• **TO DO**:
Reproduce the records exactly, beginning with their first line and ending with the line that contains "Cong an xã Cà", and output nothing more.
GIVEN DATA START
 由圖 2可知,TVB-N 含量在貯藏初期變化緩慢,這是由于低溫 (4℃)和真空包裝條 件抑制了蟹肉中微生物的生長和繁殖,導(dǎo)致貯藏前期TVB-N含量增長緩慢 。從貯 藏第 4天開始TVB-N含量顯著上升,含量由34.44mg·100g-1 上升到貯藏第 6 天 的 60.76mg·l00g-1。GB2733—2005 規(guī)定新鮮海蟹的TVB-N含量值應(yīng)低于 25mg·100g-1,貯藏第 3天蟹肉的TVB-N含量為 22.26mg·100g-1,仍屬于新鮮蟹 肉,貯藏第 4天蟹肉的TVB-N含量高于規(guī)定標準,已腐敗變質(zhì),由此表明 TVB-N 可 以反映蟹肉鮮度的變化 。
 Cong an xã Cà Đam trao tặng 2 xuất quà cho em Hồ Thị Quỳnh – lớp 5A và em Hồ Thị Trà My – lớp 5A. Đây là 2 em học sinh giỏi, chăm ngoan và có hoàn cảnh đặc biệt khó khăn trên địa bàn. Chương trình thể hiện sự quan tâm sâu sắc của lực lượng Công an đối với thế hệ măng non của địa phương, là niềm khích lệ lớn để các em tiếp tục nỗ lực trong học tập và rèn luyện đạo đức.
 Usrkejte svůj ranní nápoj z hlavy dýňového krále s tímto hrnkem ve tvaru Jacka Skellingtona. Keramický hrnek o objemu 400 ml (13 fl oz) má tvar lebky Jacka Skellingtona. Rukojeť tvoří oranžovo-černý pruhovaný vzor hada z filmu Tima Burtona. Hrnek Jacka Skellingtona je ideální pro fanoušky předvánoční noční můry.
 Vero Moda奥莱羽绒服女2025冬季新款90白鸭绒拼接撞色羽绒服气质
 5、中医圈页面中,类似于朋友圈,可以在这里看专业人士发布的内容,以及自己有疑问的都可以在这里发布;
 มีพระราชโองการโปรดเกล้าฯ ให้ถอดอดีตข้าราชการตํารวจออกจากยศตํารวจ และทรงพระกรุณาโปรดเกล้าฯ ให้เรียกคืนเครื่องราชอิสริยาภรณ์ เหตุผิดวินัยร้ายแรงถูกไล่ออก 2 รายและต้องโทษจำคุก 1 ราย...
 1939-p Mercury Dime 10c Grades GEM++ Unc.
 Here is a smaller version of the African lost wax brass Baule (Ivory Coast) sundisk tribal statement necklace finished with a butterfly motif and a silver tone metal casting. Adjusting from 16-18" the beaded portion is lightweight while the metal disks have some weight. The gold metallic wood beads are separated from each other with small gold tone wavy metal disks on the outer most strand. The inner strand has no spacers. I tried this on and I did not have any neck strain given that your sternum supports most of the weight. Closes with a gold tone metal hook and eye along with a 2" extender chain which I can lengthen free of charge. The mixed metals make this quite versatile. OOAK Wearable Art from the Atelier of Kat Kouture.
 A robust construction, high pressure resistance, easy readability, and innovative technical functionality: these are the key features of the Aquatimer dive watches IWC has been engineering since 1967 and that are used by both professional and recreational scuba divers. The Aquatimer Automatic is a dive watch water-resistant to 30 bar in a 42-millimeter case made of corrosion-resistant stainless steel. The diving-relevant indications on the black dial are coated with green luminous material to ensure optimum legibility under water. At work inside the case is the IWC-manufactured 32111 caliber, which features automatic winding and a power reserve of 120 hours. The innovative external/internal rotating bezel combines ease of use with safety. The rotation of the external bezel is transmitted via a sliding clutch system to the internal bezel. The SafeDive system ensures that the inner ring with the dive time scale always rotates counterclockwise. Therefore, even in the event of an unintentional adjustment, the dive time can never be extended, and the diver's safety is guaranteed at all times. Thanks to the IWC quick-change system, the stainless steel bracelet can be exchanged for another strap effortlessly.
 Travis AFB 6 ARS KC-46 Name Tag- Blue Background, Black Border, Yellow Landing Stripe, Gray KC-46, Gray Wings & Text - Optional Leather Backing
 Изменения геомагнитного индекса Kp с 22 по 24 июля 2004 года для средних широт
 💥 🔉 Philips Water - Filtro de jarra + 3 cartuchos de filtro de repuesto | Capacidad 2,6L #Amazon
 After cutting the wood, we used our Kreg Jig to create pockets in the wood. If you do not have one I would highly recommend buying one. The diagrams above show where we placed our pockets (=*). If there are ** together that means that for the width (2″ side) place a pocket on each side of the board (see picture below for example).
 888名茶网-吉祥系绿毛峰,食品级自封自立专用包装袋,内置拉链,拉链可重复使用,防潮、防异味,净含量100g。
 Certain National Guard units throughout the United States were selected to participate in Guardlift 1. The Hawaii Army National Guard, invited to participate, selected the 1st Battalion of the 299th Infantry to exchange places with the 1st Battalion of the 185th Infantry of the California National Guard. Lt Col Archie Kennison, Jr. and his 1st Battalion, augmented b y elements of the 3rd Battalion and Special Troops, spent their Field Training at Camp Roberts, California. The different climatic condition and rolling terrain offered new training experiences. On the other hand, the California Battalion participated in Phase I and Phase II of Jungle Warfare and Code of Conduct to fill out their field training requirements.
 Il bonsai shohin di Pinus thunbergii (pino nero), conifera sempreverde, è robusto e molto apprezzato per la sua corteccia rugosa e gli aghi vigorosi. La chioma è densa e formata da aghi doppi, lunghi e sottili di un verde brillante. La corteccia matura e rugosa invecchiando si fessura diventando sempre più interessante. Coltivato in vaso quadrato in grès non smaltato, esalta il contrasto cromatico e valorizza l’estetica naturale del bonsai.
GIVEN DATA END
• **SOLUTION FOR THIS EXERCISE**:
 由圖 2可知,TVB-N 含量在貯藏初期變化緩慢,這是由于低溫 (4℃)和真空包裝條 件抑制了蟹肉中微生物的生長和繁殖,導(dǎo)致貯藏前期TVB-N含量增長緩慢 。從貯 藏第 4天開始TVB-N含量顯著上升,含量由34.44mg·100g-1 上升到貯藏第 6 天 的 60.76mg·l00g-1。GB2733—2005 規(guī)定新鮮海蟹的TVB-N含量值應(yīng)低于 25mg·100g-1,貯藏第 3天蟹肉的TVB-N含量為 22.26mg·100g-1,仍屬于新鮮蟹 肉,貯藏第 4天蟹肉的TVB-N含量高于規(guī)定標準,已腐敗變質(zhì),由此表明 TVB-N 可 以反映蟹肉鮮度的變化 。
 Cong an xã Cà Đam trao tặng 2 xuất quà cho em Hồ Thị Quỳnh – lớp 5A và em Hồ Thị Trà My – lớp 5A. Đây là 2 em học sinh giỏi, chăm ngoan và có hoàn cảnh đặc biệt khó khăn trên địa bàn. Chương trình thể hiện sự quan tâm sâu sắc của lực lượng Công an đối với thế hệ măng non của địa phương, là niềm khích lệ lớn để các em tiếp tục nỗ lực trong học tập và rèn luyện đạo đức.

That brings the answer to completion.